После некоторой паузы зловещую тишину нарушил рык Ганмурата:

– Пусть только попробует! Я его дохлую городскую шею откупорю как бутылку!

– А ведь сделает!.. – зловеще прошипел Бакинец- провокатор.

– Да как вы смеете! – закричал в бешенстве Прилизанный. – Я вас арестую! Вы слышали, мне угрожали! – обратился он к своей свите.

Бывший полицейский угрюмо молчал, пряча бегающие глаза, а Гюлечка нервно затараторила:

– Что вы говорите? Я не могу слышать такое! И перестаньте их провоцировать. Сначала понюхайте воздух.

– У них у всех карабахский синдром, – с испугом прошептал ему в ухо Зопаев, – они все чокнутые, контуженные, – жалобно простонал он.

– Черт, действительно, спиртом воняет! Как я не догадался… – прошептал Прилизанный. – Мне надо… Короче, прекратите съемки, – обратился он к телевизионщикам, суетливо собирая бумаги.

– Сядь на место, сучонок! – вдруг заорал на него Ветеран в тельняшке и начал поигрывать жилистыми бицепсами. – Пусть снимают! Я тоже хочу излить душу и никакие решетки мне не страшны!

– Он уже сидел до войны. У него на груди наколка – “Не забуду мать родную”, а на спине – “Не буди спящего зверя”, – доверительно сообщил Бакинец.

– Неправда! – опять заревел Ветеран в тельняшке. – Ты меня с кем-то спутал, гаденыш. На спине – “Уважаю порядок, но ненавижу ментов”!
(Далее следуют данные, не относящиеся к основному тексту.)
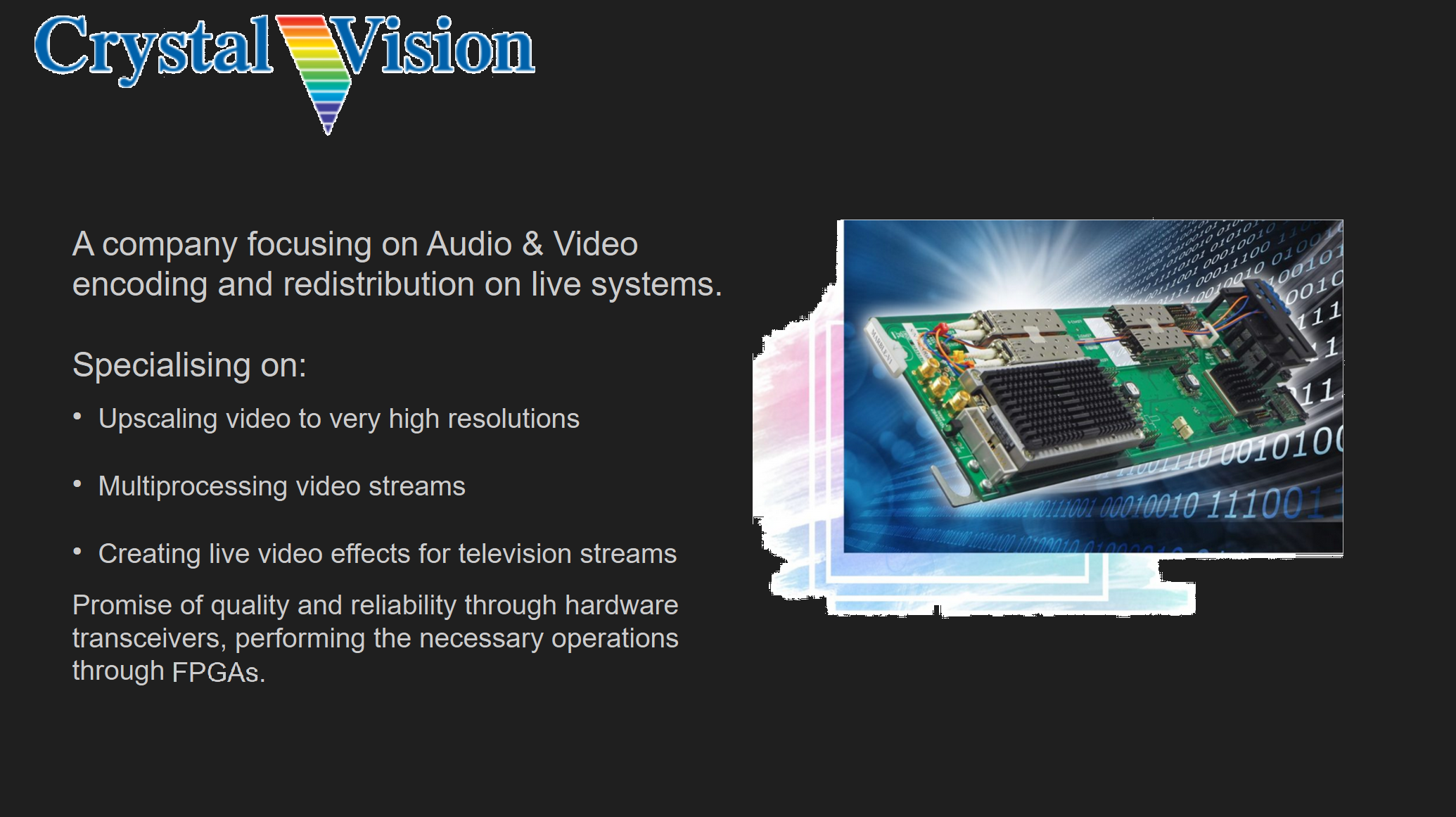 Crystal Vision made infrastructure and keying products for professional broadcast engineers in the television industry. It helped people transition through a range of technologies, from SD to HD and from HD to IP. Part of their products included FPGA transceivers for high-speed parallel video streaming solutions.

– Это же одно и то же, дорогой, – вежливо возразил Бакинец. – Все мы знаем, что ты отлупил до кондиции участкового, который в твой дом без стука ворвался.

– И меня сажали… – печально произнес Длинный ветеран. – Но это моя история…

– Несомненно, тоже очень кровавая, – страшно прошипел Бакинец, выпучив глаза.

– Господи, что здесь происходит? – со страхом воскликнул Прилизанный. – Кто эти люди? Я вас спрашиваю!.. – взяв за воротник и так доходягу Зопаева, он начал трясти его. – Это же сплошной криминал! Неужели и другие ветераны такие же?

– А ты думал, на войне воюют одни благородные девицы из гимназий, еще не успевшие потерять невинность и откормленные дети высокопоставленных родителей? – с сарказмом спросил Арзуман Алиев. – Товарищи ветераны, вы встречали среди нас хоть одного сына министра или его зама, или сыновей олигархов, глав законодательных и исполнительных органов?

– Да, конечно, – хихикнул Бакинец. – Я лично начинал службу в батальоне благородных девиц и закончил его в батальоне благородных мальчиков.

– Во всех освободительных войнах воюет простой народ, – вздохнул Длинный ветеран. – По-вашему бандиты, деревенщина и беженцы, но любящие свою отчизну и нередко жертвующие жизнями ради победы.

– Как он сказал! – восхитился знакомый голос. – Я прям прослезился… – вытер сухие глаза и неприлично высморкался Бакинец.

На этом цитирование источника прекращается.